13 FRANK C. SCIURBA, MD 13 in the controls. But this didn t occur in all patients, suggesting that there is a sub-phenotype of a subgroup of patients that have anti-elastin antibodies that may be meaningful in disease progression. Dr. Duncan in our institution with Dr. Feghali-Bostwick has identified in fact a proportion of patients with autoimmunity, or in this case represented by various patterns of ANA. And whether these beget unique prognoses need to be further examined. We do know that one autoantibody against 130 kda antigen tends to be associated with a low body mass index, really some very early validation that in fact these autoantibodies may be associated with unique clinical patterns. These need to be examined certainly more thoroughly. We examined a subgroup of patients who had airway dysfunction and emphysema classifying those quantitative parameters we discussed earlier and in fact showed various associations with peripheral protein markers depending on whether there was simply airflow obstruction or wall thickness or emphysema and that these inflammatory markers did associate differently with the different subphenotypes suggesting biological meaning. Dr. Tedrow working with lung tissue in Dr. Kaminski s laboratory took a group of patients who had severe emphysema, lung tissue from these patients and compared them to patients who had more minimal emphysema with tobacco exposure, and found over 400 genes that were differentially expressed in the lung tissue in patients with more emphysema, again suggesting that there are in fact unique targets, unique biology that we need to work out and perhaps discover perhaps treatable targets in this disease.

14 FRANK C. SCIURBA, MD 14 Interestingly, we have in our SCCOR Cohort looked at, and this is an example of four markers, Pentraxin, PTX3, THBS1, SPD and CCP, and in fact identified that each of these markers have interesting and unique attributes. Without going into too much detail, some of the markers are associated just cross-sectionally with severity of disease, some associated only with emphysema cross-sectionally but not obstruction, some of these markers may be associated cross-sectionally but didn t predict progression of disease.
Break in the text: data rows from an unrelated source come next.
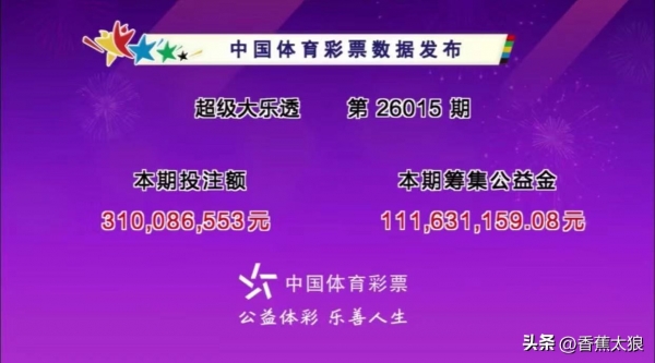 彩韵流芳,公益播爱,大乐透梦初圆。奖池波涌,善念映长天。汇聚涓流成海,助贫弱、暖意绵绵。扶残幼,兴文育教,德泽润山川。本期大乐透的销量为3.1 亿,筹集社会公益金 1.11亿。
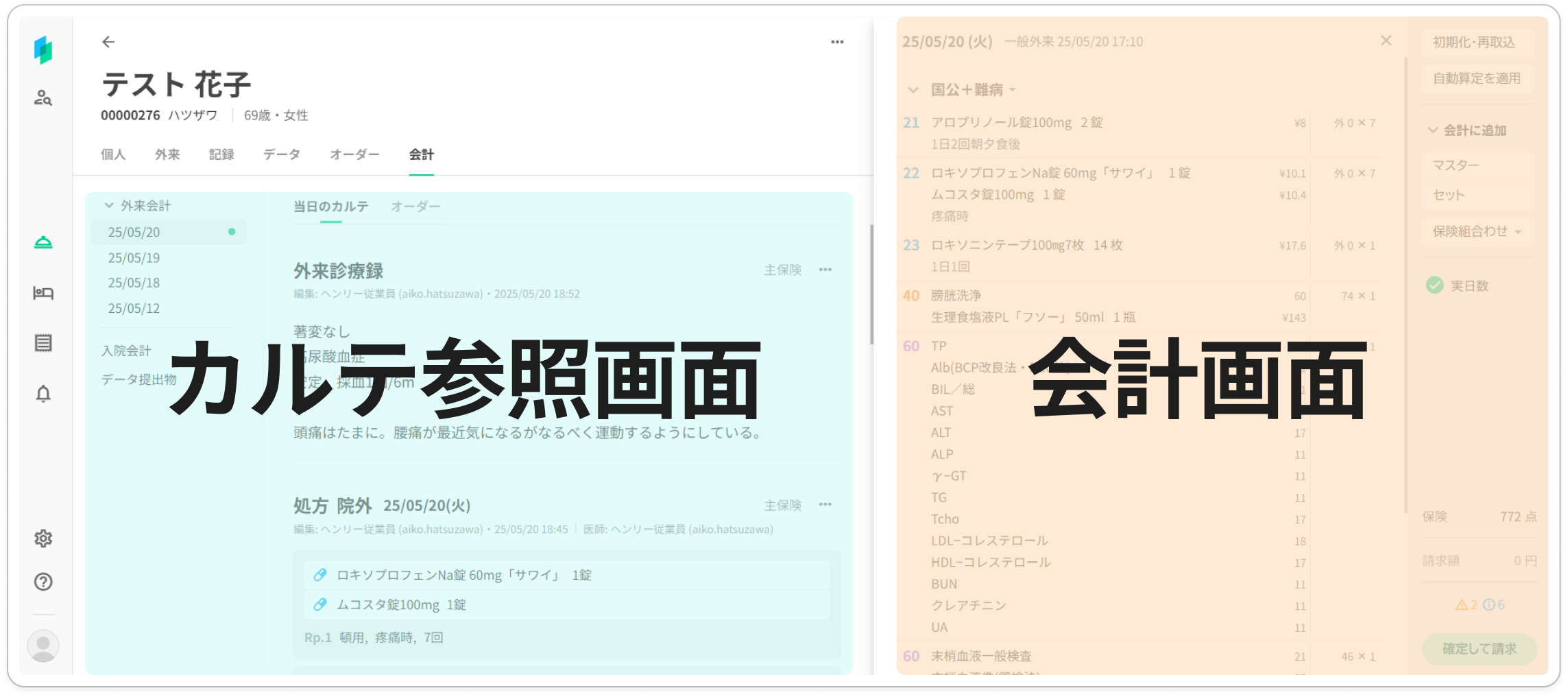 従来の画面とは、カルテ参照画面と会計画面の表示が左右逆になりますのでご留意ください。左側:カルテ参照画面 右側:会計画面
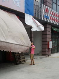 園區(qū)值班人員一邊早早通知經(jīng)營商戶檢查防臺(tái)加固,一邊隨時(shí)監(jiān)控著園區(qū)的安全狀況。
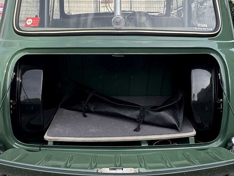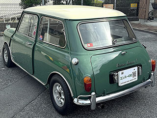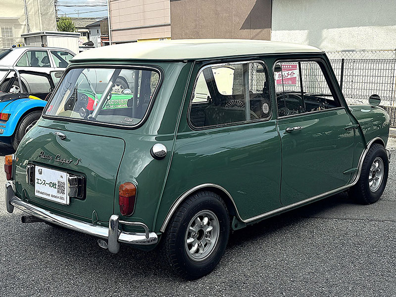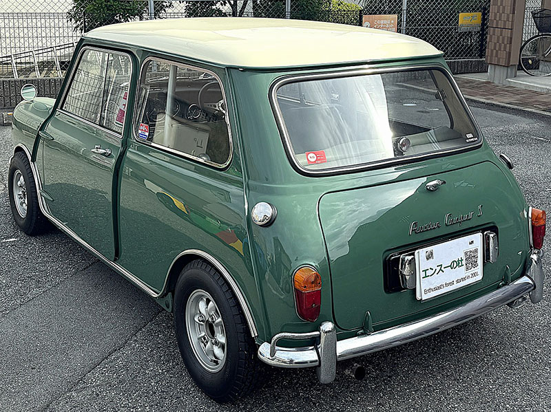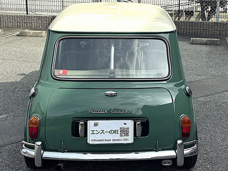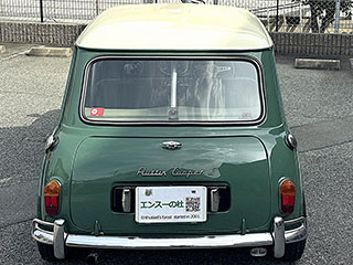 リアビュー、この曲面がMINIらしさを感じさせます。Austin Cooper S のロゴ、左右に給油口有ります。ダミーではありません。左右タンク仕様です。 |
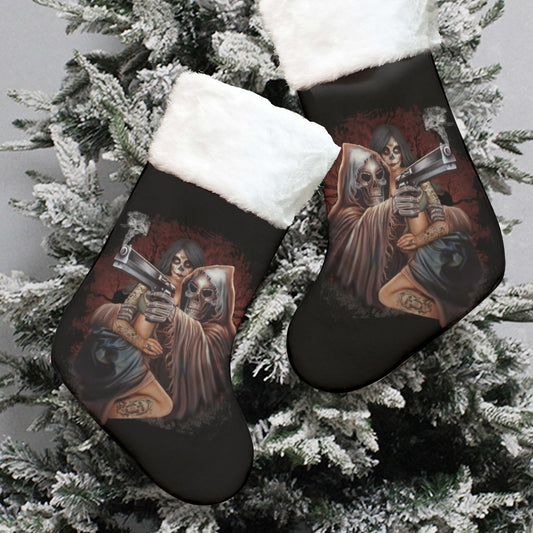 Grim reaper with girl Christmas Socks, Gothic skeleton skull christmas Xmas socks stockings
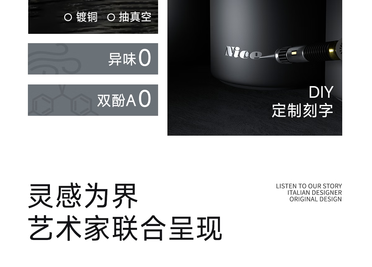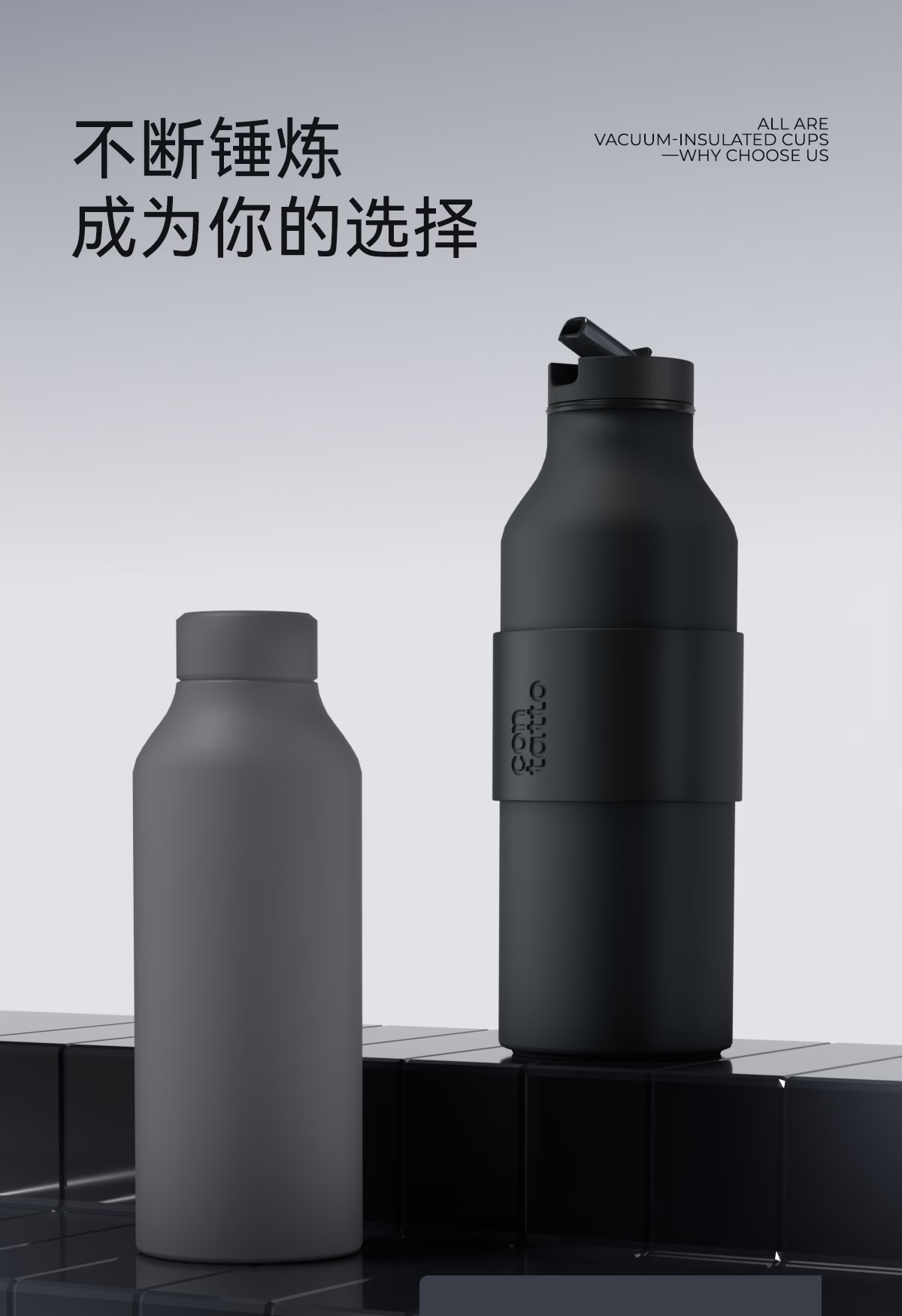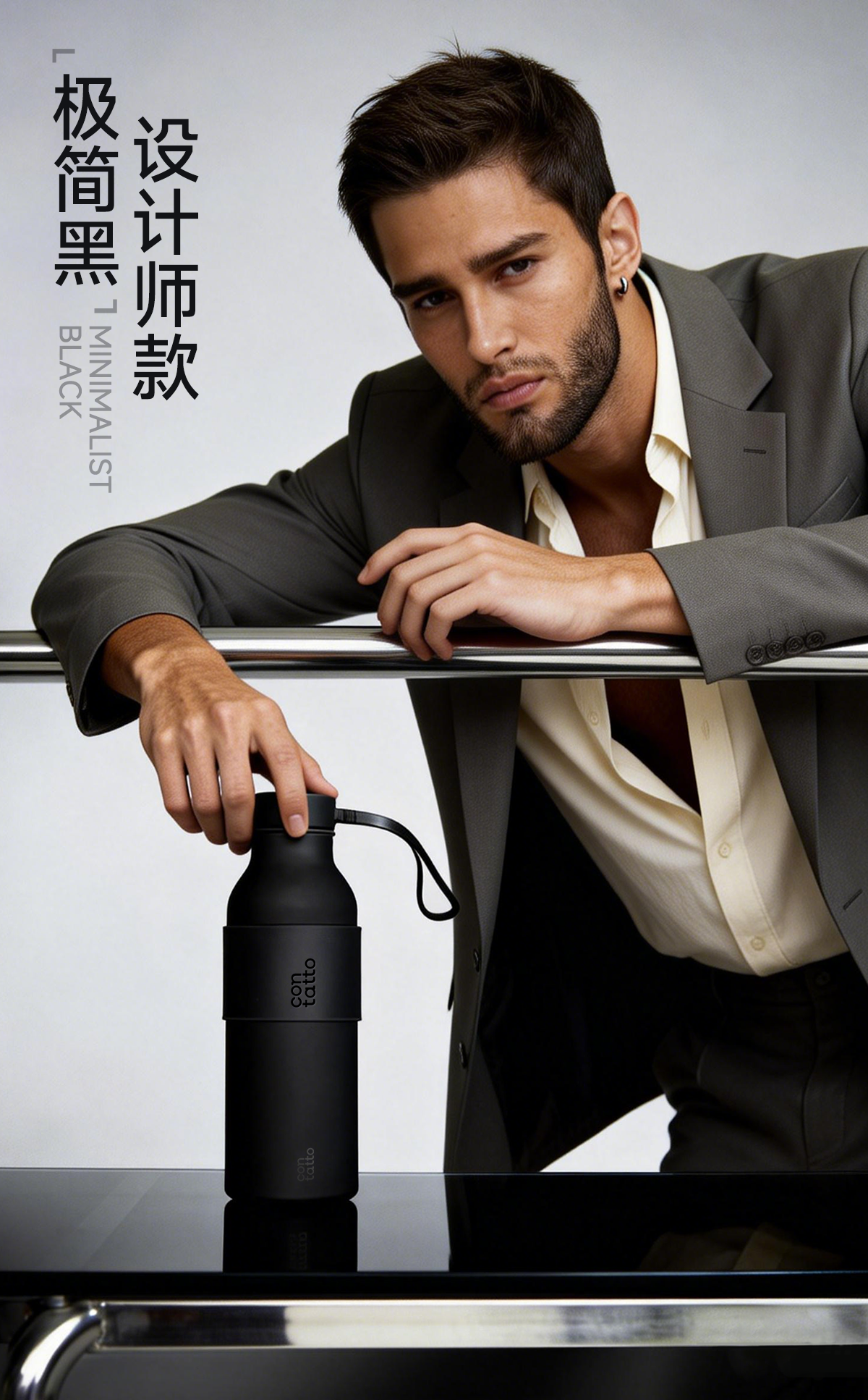 吉姆蓝杰contatto吉姆蓝杰车载运动不锈钢保温杯男士户外杯子男生颜值水杯 极简黑500ml可定制

Others did predict progression of the various phenotypes. Some are associated only in former smokers but not current smokers and so these markers may be very useful in identifying sub-populations of the biology, the disease that may be meaningful for future therapy and direction. So I appreciate your attention and I realize that while we have now begin to come a long way at really identifying the incredible variation and in fact convincing ourselves that it is meaningful, we have a lot more work to do to really associate the variation and clinical pattern with the unique biology but we do believe that this will eventually result in meaningful subclassification predicting unique prognosis, hopefully identifying unique targets that will in the hoped personalized medicine approach treat patients individually and more effectively. So I appreciate your time, I tend to end my lectures with this Larson comment that we ve come a long, long way but we have a long way to go in this disease process. So thank you.